Таким образом, бактериофаг согласно изобретению может, в частности, представлять собой модифицированный М13 бактериофаг, обозначенный как В8, депонированный в NCIMB под вступительным номером NCIMB 40779, или его производное, которое сохраняет способность связываться с Helicobacter pylori и инфицировать ее.

Фаги с желаемыми свойствами могут быть получены, например, одним из следующих способов:
(а) Скрининг встречающихся в природе фагов или фаговых библиотек, содержащих фаги, экспрессирующие множество вариабельных фрагментов антител. Фаговые библиотеки могут быть получены, например, из иммунных клеток от большого числа индивидуумов. Из-за огромной генетической вариабельности такие большие фаговые библиотеки, очевидно, содержат желаемые специфические фаги, нацеленные на бактерии, действию которых предварительно подвергались индивидуумы.

(б) Осуществление мутаций существующих фагов. Мутации происходят во всех живущих организмах, включая фаги.
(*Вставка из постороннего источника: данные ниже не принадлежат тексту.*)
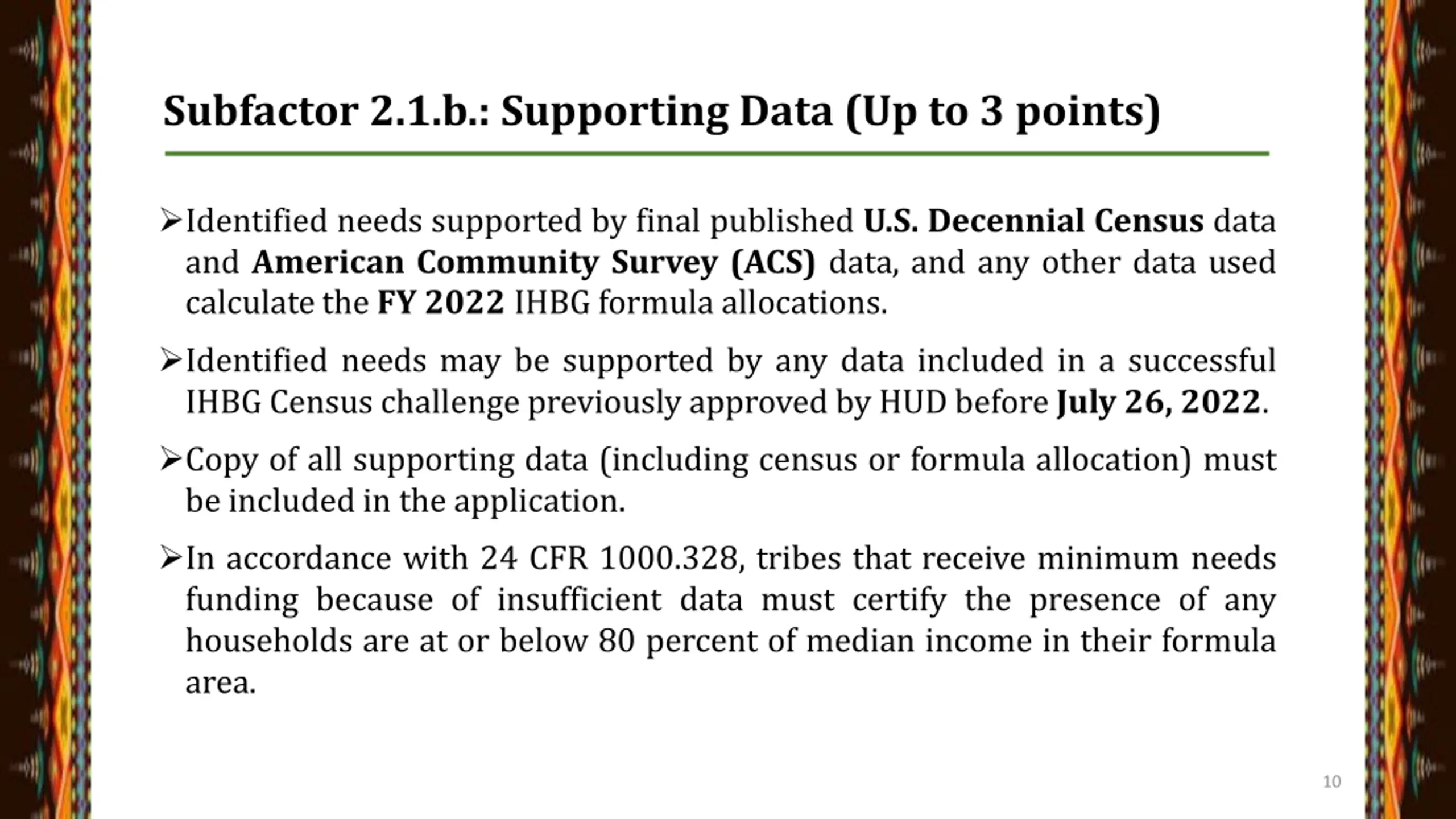 Subfactor 2.1.b.: Supporting Data (Up to 3 points) Identified needs supported by final published U.S. Decennial Census data and American Community Survey (ACS) data, and any other data used calculate the FY 2022 IHBG formula allocations. Identified needs may be supported by any data included in a successful IHBG Census challenge previously approved by HUD before July 26, 2022. Copy of all supporting data (including census or formula allocation) must be included in the application. In accordance with 24 CFR 1000.328, tribes that receive minimum needs funding because of insufficient data must certify the presence of any households are at or below 80 percent of median income in their formula area. 10

Частота мутаций может быть увеличена, например, химическим путем или посредством облучения коротковолновым электромагнитным излучением.
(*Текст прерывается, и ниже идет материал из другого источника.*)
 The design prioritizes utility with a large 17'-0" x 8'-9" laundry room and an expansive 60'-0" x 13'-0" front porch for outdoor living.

(в) Направленная генетическая модификация одной или более чем одной аминокислоты или другие модификации, например, углеводных или липидных компонентов области связывания фага для усиления желаемых свойств природного или рекомбинантного фага. Пример такого подхода описан далее в экспериментальном разделе. Бактериофаг согласно изобретению, таким образом, может быть получен способом, при котором (а) выделяют антитело против бактериальной клетки; (б) выделяют ДНК, кодирующую вариабельную область тяжелой и легкой цепей указанного антитела: и (в) вводят указанную ДНК в фаговую ДНК таким образом, что указанные области антитела будут экспрессироваться на поверхности фага.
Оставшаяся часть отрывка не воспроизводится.